Potential clinically-relevant master lncRNA regulator(s), were defined as the minimum number of lncRNAs in a large network that is not only associated with key clinical characteristics as well as a large number of significantly (|PCC|≥ 0.9) correlated mRNAs, > 80% of these correlated mRNAs in the network were also associated with the same clinical characteristics as the lncRNAs, and the co-expressed mRNAs reside in pertinent cancer pathways. Significantly, one oncogenic network comprising 5 clinically-relevant potentially oncogenic lncRNAs (G073851 (seqname: T31471127), PTTG3P (seqname: NR_002734), RACGAP1P(seqname: NR_026583), GSE61474_XLOC_040880 (seqname: GSE61474_TCONS_0022096328) and CTD-2267D19.6 (seqname: ENST00000602403)) correlated with 91 potentially oncogenic mRNAs (Fig. 4a) residing in the cell cycle and Rho GTPases signaling pathways (Fig. 4b) was identified. Interestingly, the 91 genes co-expressed with these 5 master/nodal/key lncRNAs reside in the same cell-cycle and Rho GTPases signaling pathways (Fig. 4b) as the 100 genes co-expressed with the 17 clinically relevant lncRNAs (Fig. 3c) highlighting that only 5 lncRNAs may be sufficient to modulate these 2 key cancer pathways. The other 9 genes that are significantly co-expressed with the other 12 clinically-relevant lncRNAs were not significantly associated with any pertinent cancer pathways. Higher tumor expression of 5 lncRNAs was found to be associated with poorer prognosis of higher tumor grade (Fig. 4c–g). Similarly, 85/91 co-expressed mRNAs of these 5 lncRNAs were also associated with higher tumor grade (Fig. 4a). Additionally, higher tumor expression of 3/5 lncRNAs (RACGAP1P, GSE61474_XLOC_040880 and CTD-2267D19.6) was found to be associated with incomplete tumour encapsulation which may lead to increased risk of metastasis29 (Fig. 4h–j). These 5 lncRNAs thus have the potential to serve as master regulators of genes associated with poorer prognosis of HCC patients.

Figure 4
figure 4

(a) Network containing potential oncogenic lncRNAs that could be master regulators of 91 cell cycle genes. High expression of the 5 potential oncogenic lnRNAs (G073851, PTTG3P, RACGAP1P, GSE61474_XLOC_040880 and CTD-2267D19.6) and 85/91 mRNAs are associated with poor differentiation of tumor. High expression of 3/5 potential oncogenic lncRNAs (RACGAP1P, GSE61474_XLOC_040880 and CTD-2267D19.6) are associated with incomplete tumor capsule. Oval shape: lncRNAs; Square: mRNAs; black lines: Strong correlation. Outline of oval and square represents lncRNAs/mRNAs expression in T versus NT; red: upregulation; colours within oval/square represents the clinical significance of lncRNAs/mRNAs. Blue background: Edmondson Grade; yellow background: tumor capsule (includes encapsulation and degree of encapsulation); *: clinical significance with FDR < 0.05. The network was drawn using Cytoscape software (Version 3.5.1) (https://cytoscape.org/). (b) Pathways of the 91 strongly correlated genes. (cg) Boxplots show expression of lncRNAs in adjacent non-tumor, lower grade tumor and higher grade tumor. (hj) Boxplots show expression of lncRNAs in adjacent non-tumor, tumor with capsule and tumor without capsule.
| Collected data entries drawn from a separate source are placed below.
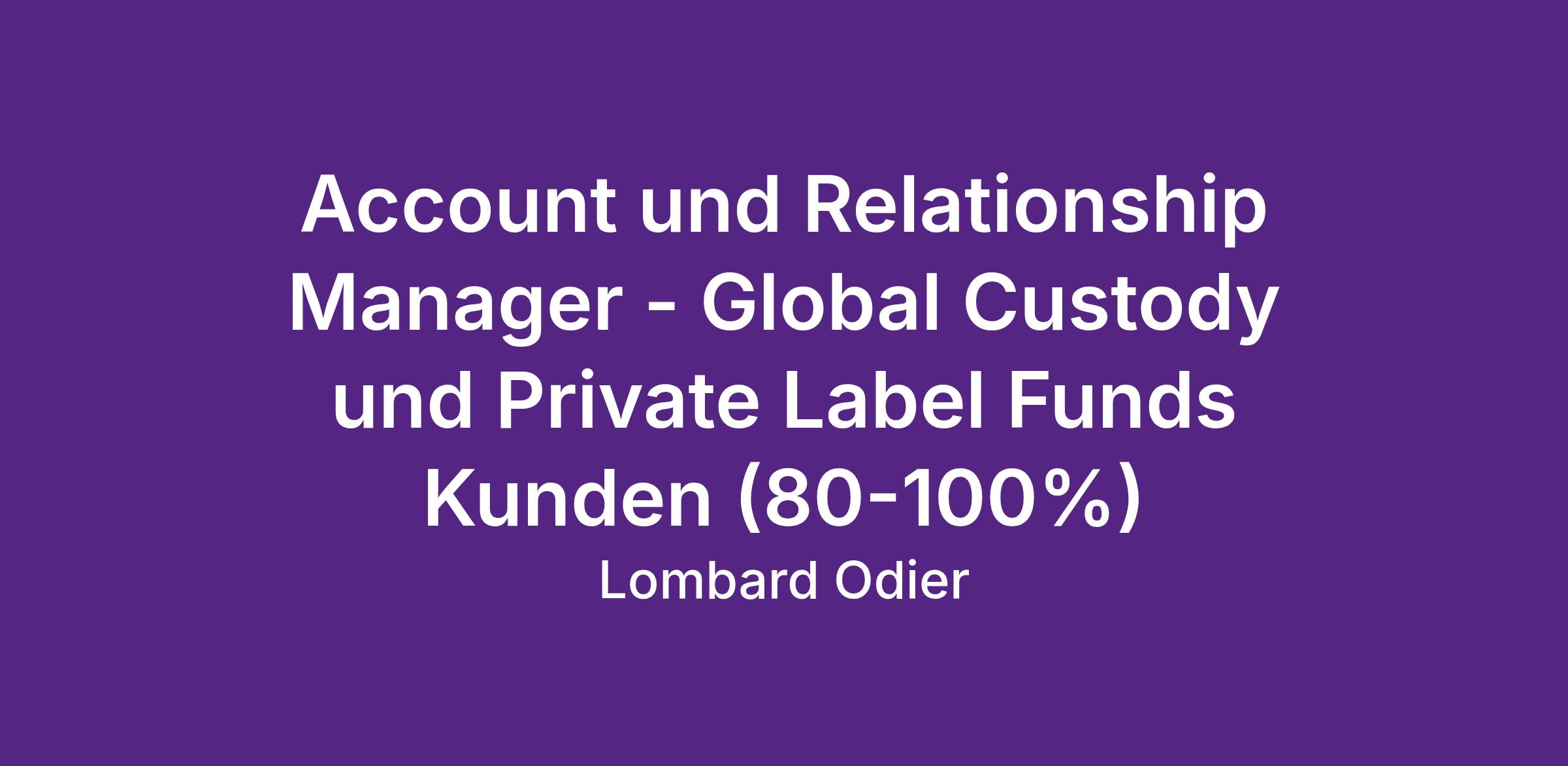 Account und Relationship Manager - Global Custody und Private Label Funds Kunden (80-100%)
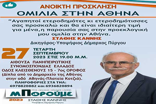 Στάθης Καννής - «ΜΠΟΡΟΥΜΕ»: Ανοικτή πρόσκληση-Ομιλία στην Αθήνα στις 27/9
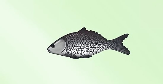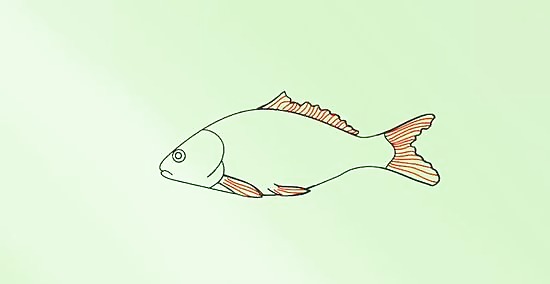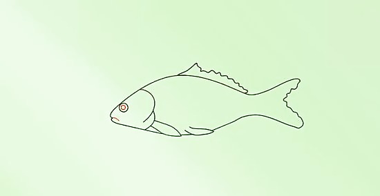 Erase the guidelines completely. Draw the dorsal fins with a wavy line. Draw one fin near the gill cover and the other fin close to the bottom edge of the fish. These fins should look similar to an irregular narrow V.

To better understand the role of key/nodal/master lncRNAs in the oncogenic network associated with tumor grade/tumor capsule (Fig. 4a), genes deregulated by GSE61474_XLOC_040880 (lncRNA-GSE) and CTD-2267D19.6 (lncRNA-CTD) were determined experimentally, since these lncRNAs were significantly correlated with a large number of genes in the network, and their expression were successfully validated in 59 patients with real-time RT-PCR (Figure S2). Although PTTG3P was also highly up-regulated and correlated with many genes, it was not selected for further analyses because the probes in the microarray bound to both the PTTG3P lncRNA and PTTG1 mRNA and we were unable to validate the lncRNA expression with real-time RT-PCR using PTTG3P-specific primers.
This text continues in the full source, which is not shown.